▸ **What you should do**
Return the data below exactly, minus the pictures.

▸ **Records supplied**

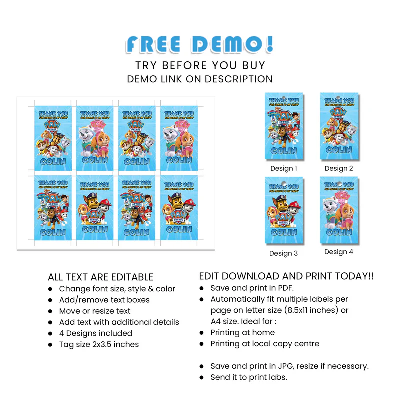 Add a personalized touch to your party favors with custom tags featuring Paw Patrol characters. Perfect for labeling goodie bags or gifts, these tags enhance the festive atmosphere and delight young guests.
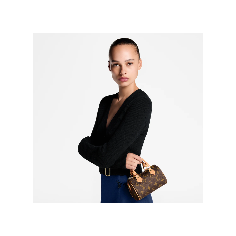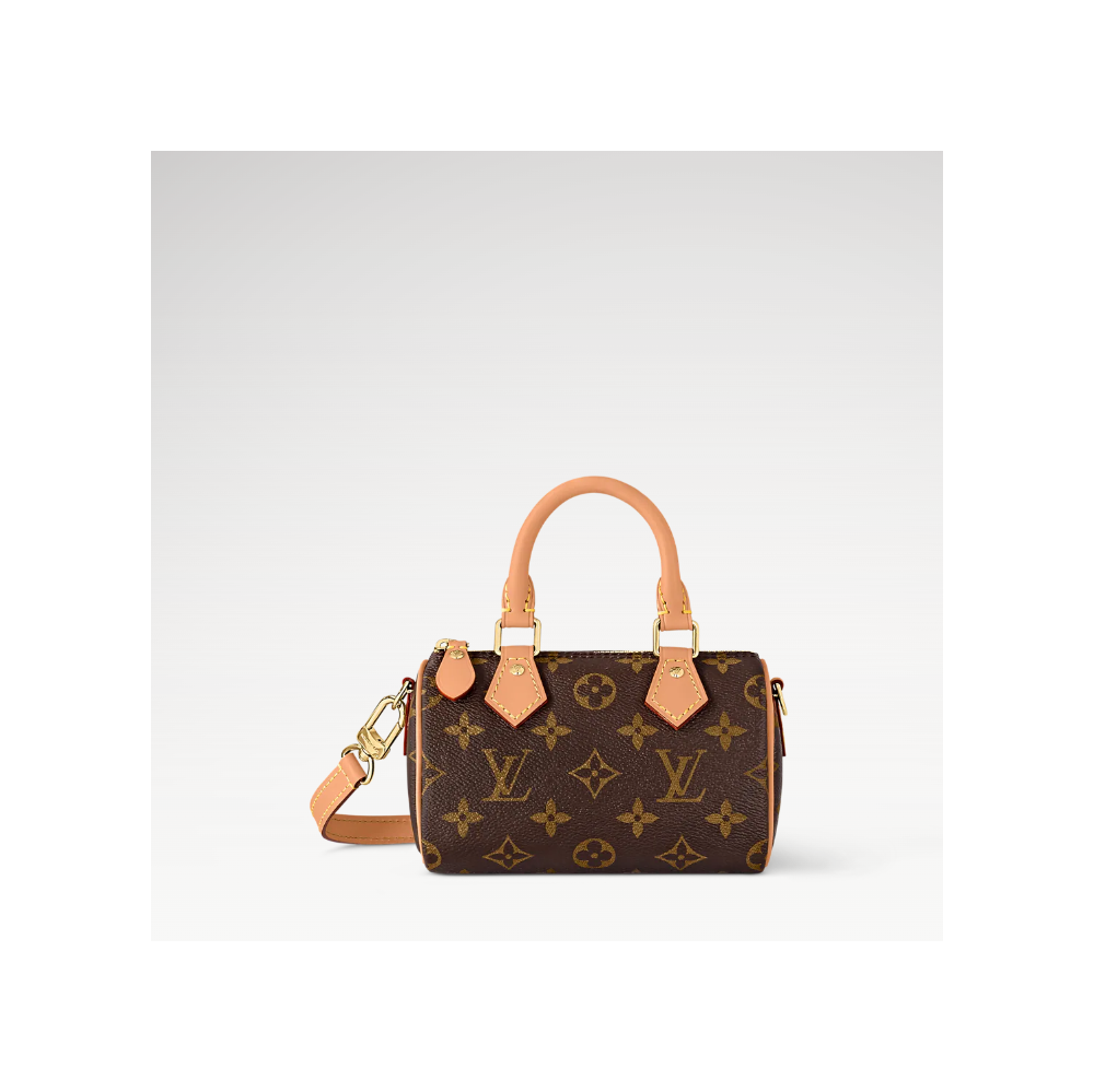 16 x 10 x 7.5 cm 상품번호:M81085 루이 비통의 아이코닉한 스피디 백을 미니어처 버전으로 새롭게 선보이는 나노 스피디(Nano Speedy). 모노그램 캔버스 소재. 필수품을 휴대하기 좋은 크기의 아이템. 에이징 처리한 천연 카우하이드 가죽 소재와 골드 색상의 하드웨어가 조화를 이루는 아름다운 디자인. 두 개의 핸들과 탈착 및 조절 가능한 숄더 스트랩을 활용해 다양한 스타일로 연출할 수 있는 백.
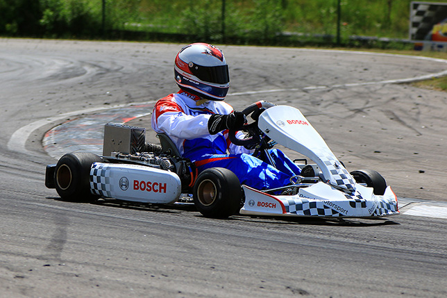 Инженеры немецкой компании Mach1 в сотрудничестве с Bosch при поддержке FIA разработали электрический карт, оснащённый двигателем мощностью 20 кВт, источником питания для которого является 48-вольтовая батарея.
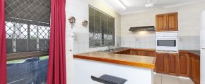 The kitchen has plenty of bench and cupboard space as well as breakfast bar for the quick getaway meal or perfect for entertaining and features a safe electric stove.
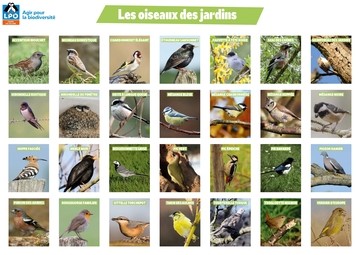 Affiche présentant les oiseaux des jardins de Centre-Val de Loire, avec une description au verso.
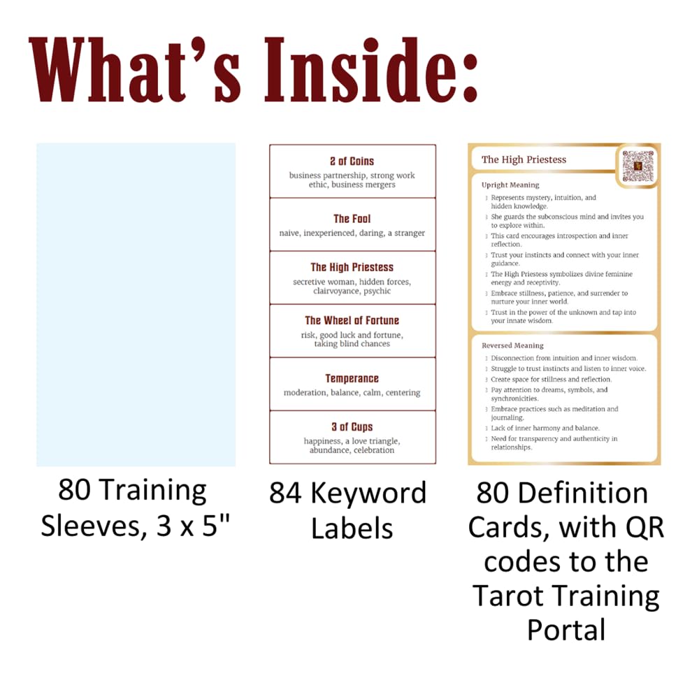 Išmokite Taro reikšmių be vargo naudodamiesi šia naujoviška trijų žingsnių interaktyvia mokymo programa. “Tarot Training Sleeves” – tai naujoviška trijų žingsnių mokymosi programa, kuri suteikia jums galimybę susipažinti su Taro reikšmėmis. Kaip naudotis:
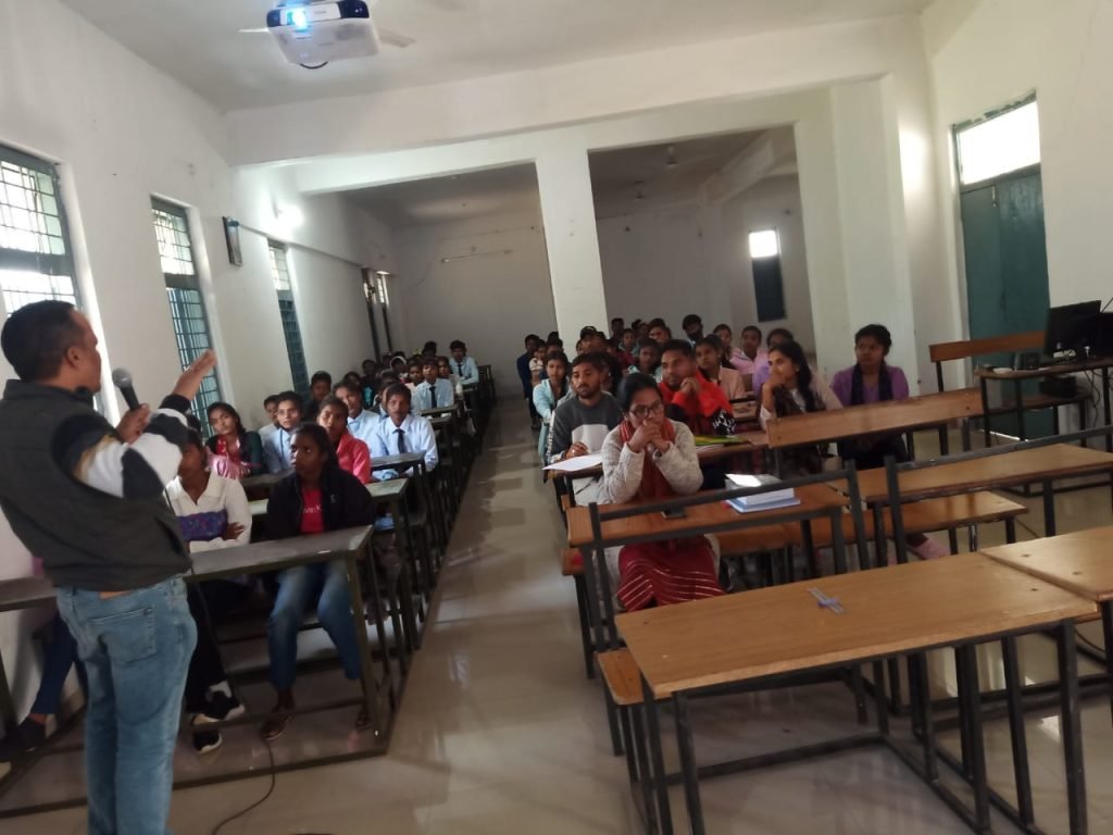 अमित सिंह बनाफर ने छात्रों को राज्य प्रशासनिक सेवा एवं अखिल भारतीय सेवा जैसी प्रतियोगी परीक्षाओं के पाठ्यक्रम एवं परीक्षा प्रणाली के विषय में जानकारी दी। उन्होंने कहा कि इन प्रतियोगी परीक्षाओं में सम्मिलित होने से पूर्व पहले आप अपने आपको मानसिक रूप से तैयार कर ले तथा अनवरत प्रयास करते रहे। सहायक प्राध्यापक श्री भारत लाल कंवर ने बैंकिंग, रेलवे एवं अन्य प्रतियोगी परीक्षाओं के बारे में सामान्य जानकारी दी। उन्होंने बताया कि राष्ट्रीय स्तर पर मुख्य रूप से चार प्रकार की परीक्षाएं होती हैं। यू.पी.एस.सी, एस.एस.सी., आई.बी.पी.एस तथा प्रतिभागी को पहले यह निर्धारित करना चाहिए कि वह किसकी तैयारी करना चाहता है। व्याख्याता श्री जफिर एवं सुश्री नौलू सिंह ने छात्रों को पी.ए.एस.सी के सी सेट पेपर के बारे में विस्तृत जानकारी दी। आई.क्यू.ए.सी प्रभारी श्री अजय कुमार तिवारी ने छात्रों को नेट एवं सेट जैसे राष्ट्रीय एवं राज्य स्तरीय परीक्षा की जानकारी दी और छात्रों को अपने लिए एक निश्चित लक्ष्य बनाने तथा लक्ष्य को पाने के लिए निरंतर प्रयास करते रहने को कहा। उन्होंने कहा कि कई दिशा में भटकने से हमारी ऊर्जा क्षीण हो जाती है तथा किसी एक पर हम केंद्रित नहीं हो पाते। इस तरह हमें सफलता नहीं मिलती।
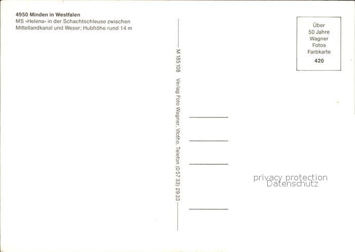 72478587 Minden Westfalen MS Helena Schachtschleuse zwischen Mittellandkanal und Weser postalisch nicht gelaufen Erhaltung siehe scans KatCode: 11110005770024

▸ **Task output**
 Add a personalized touch to your party favors with custom tags featuring Paw Patrol characters. Perfect for labeling goodie bags or gifts, these tags enhance the festive atmosphere and delight young guests.
 16 x 10 x 7.5 cm 상품번호:M81085 루이 비통의 아이코닉한 스피디 백을 미니어처 버전으로 새롭게 선보이는 나노 스피디(Nano Speedy). 모노그램 캔버스 소재. 필수품을 휴대하기 좋은 크기의 아이템. 에이징 처리한 천연 카우하이드 가죽 소재와 골드 색상의 하드웨어가 조화를 이루는 아름다운 디자인. 두 개의 핸들과 탈착 및 조절 가능한 숄더 스트랩을 활용해 다양한 스타일로 연출할 수 있는 백.
 Инженеры немецкой компании Mach1 в сотрудничестве с Bosch при поддержке FIA разработали электрический карт, оснащённый двигателем мощностью 20 кВт, источником питания для которого является 48-вольтовая батарея.
 The kitchen has plenty of bench and cupboard space as well as breakfast bar for the quick getaway meal or perfect for entertaining and features a safe electric stove.
 Affiche présentant les oiseaux des jardins de Centre-Val de Loire, avec une description au verso.
 Išmokite Taro reikšmių be vargo naudodamiesi šia naujoviška trijų žingsnių interaktyvia mokymo programa. “Tarot Training Sleeves” – tai naujoviška trijų žingsnių mokymosi programa, kuri suteikia jums galimybę susipažinti su Taro reikšmėmis. Kaip naudotis:
 अमित सिंह बनाफर ने छात्रों को राज्य प्रशासनिक सेवा एवं अखिल भारतीय सेवा जैसी प्रतियोगी परीक्षाओं के पाठ्यक्रम एवं परीक्षा प्रणाली के विषय में जानकारी दी। उन्होंने कहा कि इन प्रतियोगी परीक्षाओं में सम्मिलित होने से पूर्व पहले आप अपने आपको मानसिक रूप से तैयार कर ले तथा अनवरत प्रयास करते रहे। सहायक प्राध्यापक श्री भारत लाल कंवर ने बैंकिंग, रेलवे एवं अन्य प्रतियोगी परीक्षाओं के बारे में सामान्य जानकारी दी। उन्होंने बताया कि राष्ट्रीय स्तर पर मुख्य रूप से चार प्रकार की परीक्षाएं होती हैं। यू.पी.एस.सी, एस.एस.सी., आई.बी.पी.एस तथा प्रतिभागी को पहले यह निर्धारित करना चाहिए कि वह किसकी तैयारी करना चाहता है। व्याख्याता श्री जफिर एवं सुश्री नौलू सिंह ने छात्रों को पी.ए.एस.सी के सी सेट पेपर के बारे में विस्तृत जानकारी दी। आई.क्यू.ए.सी प्रभारी श्री अजय कुमार तिवारी ने छात्रों को नेट एवं सेट जैसे राष्ट्रीय एवं राज्य स्तरीय परीक्षा की जानकारी दी और छात्रों को अपने लिए एक निश्चित लक्ष्य बनाने तथा लक्ष्य को पाने के लिए निरंतर प्रयास करते रहने को कहा। उन्होंने कहा कि कई दिशा में भटकने से हमारी ऊर्जा क्षीण हो जाती है तथा किसी एक पर हम केंद्रित नहीं हो पाते। इस तरह हमें सफलता नहीं मिलती।
 72478587 Minden Westfalen MS Helena Schachtschleuse zwischen Mittellandkanal und Weser postalisch nicht gelaufen Erhaltung siehe scans KatCode: 11110005770024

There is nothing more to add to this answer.